Knuth–Morris–Pratt (KMP) for Typescript - Blog

Came on something lovely today that sent me down a rabbit hole. #LeetCode 28. Find the Index of the First Occurrence in a String.

Of course the naive solution is "Isn't... that just a method on the string...?" return haystack.indexOf(needle). Lo and behold, my solution beat 100% of submissions, time complexity and memory! 🔥

... Well that can't be right.. So I started looking over solutions.

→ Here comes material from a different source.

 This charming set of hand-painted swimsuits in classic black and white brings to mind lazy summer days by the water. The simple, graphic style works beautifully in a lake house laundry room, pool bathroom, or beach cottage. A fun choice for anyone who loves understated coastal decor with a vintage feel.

Most noted that browser's built in indexOf method uses brute force comparison. That should be O(n^2). Most instead used Knuth–Morris–Pratt (KMP) algorithm which should run in O(n+m). Since I hadn't learned that one yet, I took a couple hours to get my head around it and have my own copy to reach for again. A huge thanks goes out to the video walkthrough by NeetCode for the best explanation I found.

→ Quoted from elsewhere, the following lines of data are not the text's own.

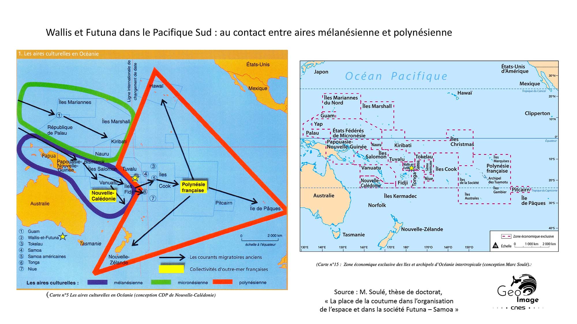 Dans le pacifique Sud, Wallis et Futuna se trouvent au contact de deux aires culturelles : la Mélanésie, monde de hautes terres aux faibles densités (Fidji, Nouvelle-Calédonie, Vanuatu, Papousie-Nouvelle Guinée), à l’ouest et le monde polynésien à l’est (Samoa, Tonga, Niue, îles Cook, Polynésie française...).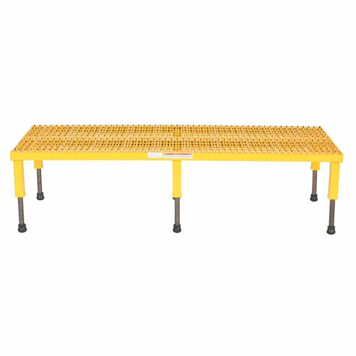 Minimizes fatigue by elevating workers to heights that are comfortable and ergonomically correct. Especially useful when multiple shift employees operate the same piece of machinery. Serrated style platforms ensure safe footing in most wet environments. The height of each leg can be adjusted individually to ensure proper working height. All sizes have four legs except the 60″,72″, & 96″ long models which have six legs. Powder coated safety yellow finish. Welded steel construction.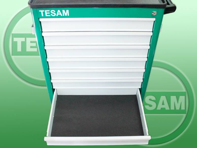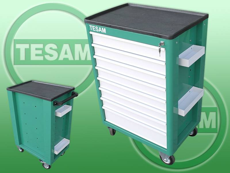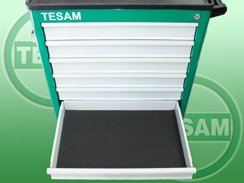 Produkt zapakowany w wózek metalowy na kółkach, wyposażony w 6 szuflad.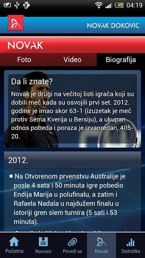 4. Novak - biografija, foto i video sadržaji. From Wednesday, August 23, is active in new, multilingual version of the official mobile application, which is why the old will no longer be updated. Download the new version and enjoy all the amenities that we have prepared. Thank you for your understanding.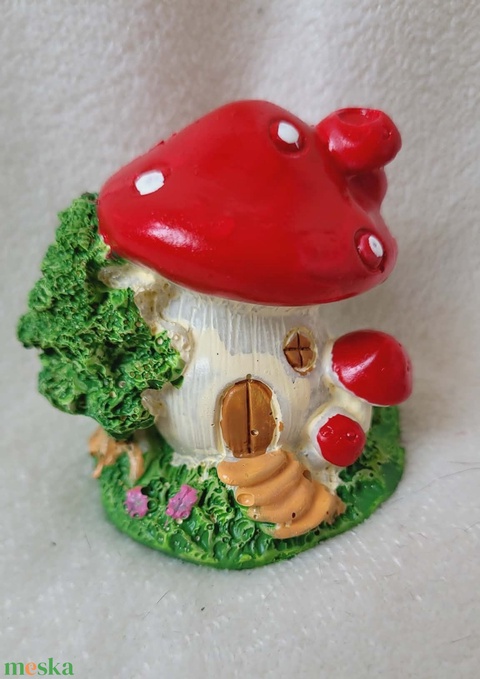 Mesebeli gombaházikó tündérkertbe (piros és sárga)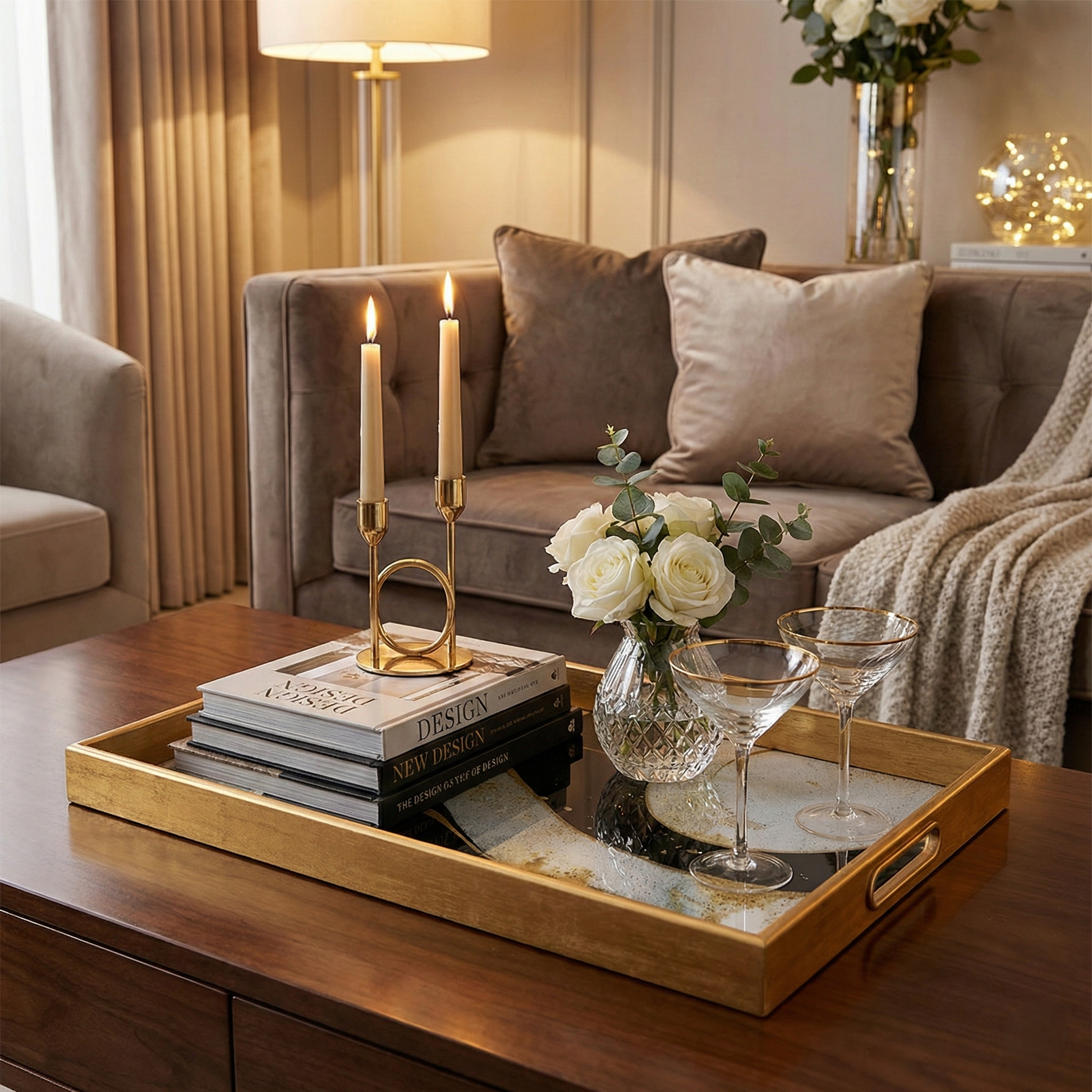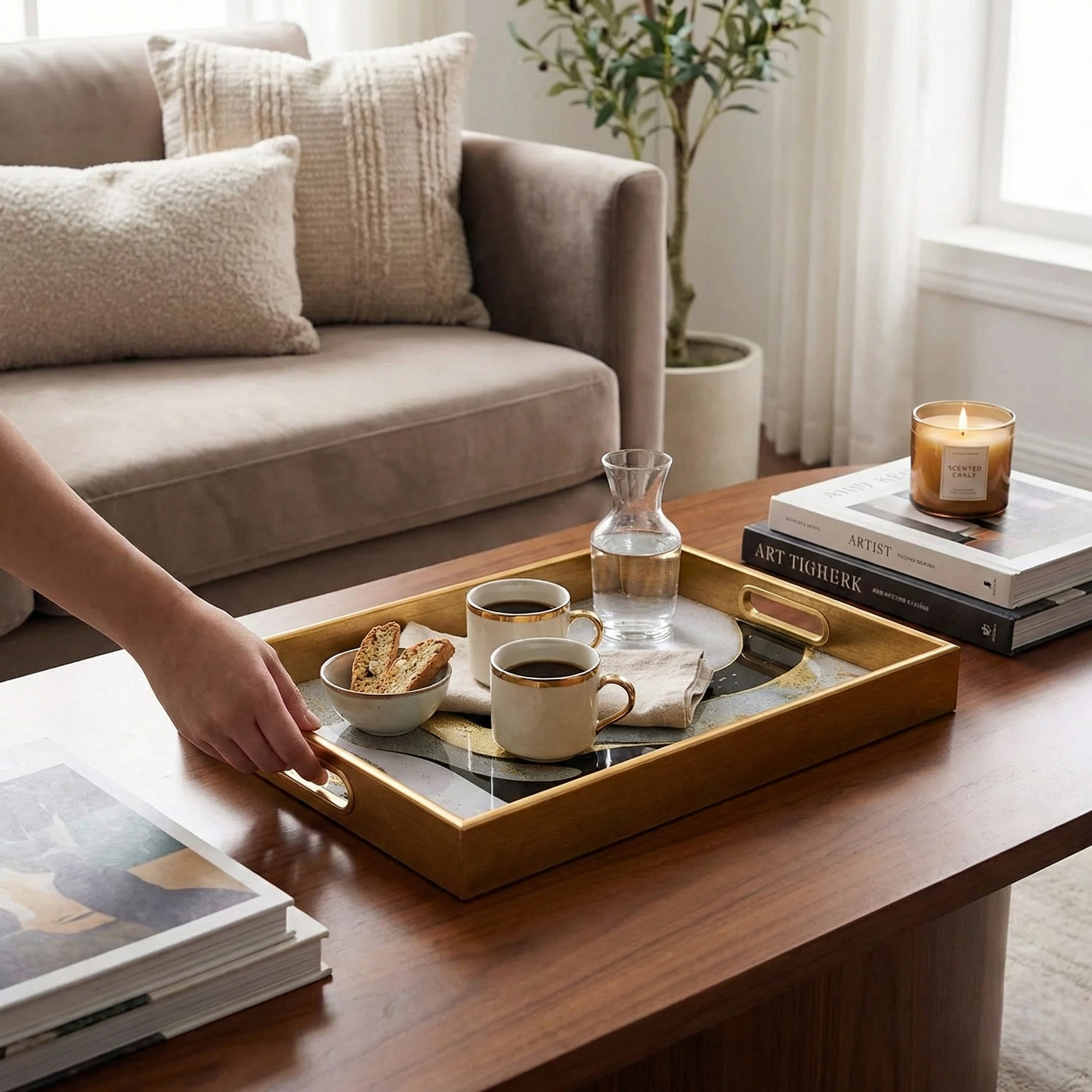 Ce qui rend ce plateau si exceptionnel, c'est l'équilibre parfait entre esthétique et praticité. Sa structure robuste, son incrustation en verre et ses poignées intégrées facilitent son déplacement, tandis que son design lui confère une allure toujours élégante et raffinée. Que vous l'utilisiez au quotidien ou seulement pour les grandes occasions, cet accessoire vous sera toujours utile.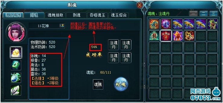 (3)魂玉可以通过附魂增加属性。有些极品的魂是可以增加宠物技能的。附魂越多附魂成功率越低。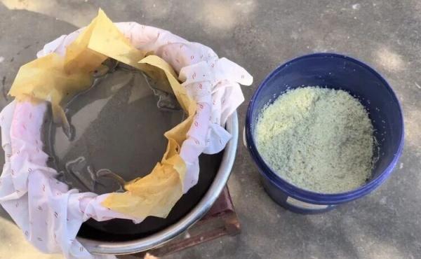 浸泡与磨浆:将洗净的大米倒入备好的灰水中浸泡,泡好的米粒呈淡黄色,随后将其磨成细腻的米浆。传统的石磨慢碾,是武平灰水粄口感软糯又弹牙的关键,也是客家老手艺里藏不住的细致用心。

For myself later and happily you if needed:

/**
 * Parse the string looking for prefix suffix matches.
 * Time complexity: O(2*m) ~ O(m)
 **/
const getLongestPrefixSuffix = (needle: string): number[] => {
  if (!needle) return [0];

  const result = new Array(needle.length).fill(0);
  // First can never match as the suffix can't be the entire string
  result[0] = 0;
  let m = 0;
  let i = 1;
  while (i < needle.length) {
    if (needle[i] === needle[m]) {
      m++;
      result[i] = m;
      i++;
    } else {
      if (m === 0) {
        result[i] = 0;
        i++;
      } else {
        // We want the lps *length* at the previous index, not the length minus one.
        m = result[m - 1];
        result[i] = m;
      }
    }
  }
  return result;
};

export const indexOfLPS = (haystack: string, needle: string): number => {
  const lps = getLongestPrefixSuffix(needle);

  let i = 0; // Position in haystack
  let m = 0; // Position in needle
  while (i <= haystack.length) {
    // If we have a match increment both
    if (haystack[i] === needle[m]) {
      i++;
      m++;
    } else {
      // If we didn't match, we know we need to jump forward.
      // How far we move can be shortcut at times thanks to prefixes and suffixes.
      if (m === 0) {
        i++;
      } else {
        // Again, we use the *value* of previous lps.
        m = lps[m - 1];
      }
    }
    if (m === needle.length) {
      return i - needle.length;
    }
  }
  return -1;
};
/**
 * Parse the string looking for prefix suffix matches.
 * Time complexity: O(2*m) ~ O(m)
 **/
const getLongestPrefixSuffix = (needle: string): number[] => {
  if (!needle) return [0];

  const result = new Array(needle.length).fill(0);
  // First can never match as the suffix can't be the entire string
  result[0] = 0;
  let m = 0;
  let i = 1;
  while (i < needle.length) {
    if (needle[i] === needle[m]) {
      m++;
      result[i] = m;
      i++;
    } else {
      if (m === 0) {
        result[i] = 0;
        i++;
      } else {
        // We want the lps *length* at the previous index, not the length minus one.
        m = result[m - 1];
        result[i] = m;
      }
    }
  }
  return result;
};

export const indexOfLPS = (haystack: string, needle: string): number => {
  const lps = getLongestPrefixSuffix(needle);

  let i = 0; // Position in haystack
  let m = 0; // Position in needle
  while (i <= haystack.length) {
    // If we have a match increment both
    if (haystack[i] === needle[m]) {
      i++;
      m++;
    } else {
      // If we didn't match, we know we need to jump forward.
      // How far we move can be shortcut at times thanks to prefixes and suffixes.
      if (m === 0) {
        i++;
      } else {
        // Again, we use the *value* of previous lps.
        m = lps[m - 1];
      }
    }
    if (m === needle.length) {
      return i - needle.length;
    }
  }
  return -1;
};

But this got me started wondering. Why browsers wouldn't just implement KMP initially? You could make an argument for KMP, or Boyer-Moore (BM) which can reach O(n/m). That got me looking for heuristics. Something that I could do to scan the data, and decide the best to use intelligently. That search turned up A Hybrid Length-Based Pattern Matching Algorithm for Text Searching published April 2025. At a high level, it suggests that highly structurally text based off language could be more efficiently searched (for entire words only, a fatal flaw for now) by chunking it and seeing which words are length matches. The results look impressive on text like books, and horrible on things like genetic sequences.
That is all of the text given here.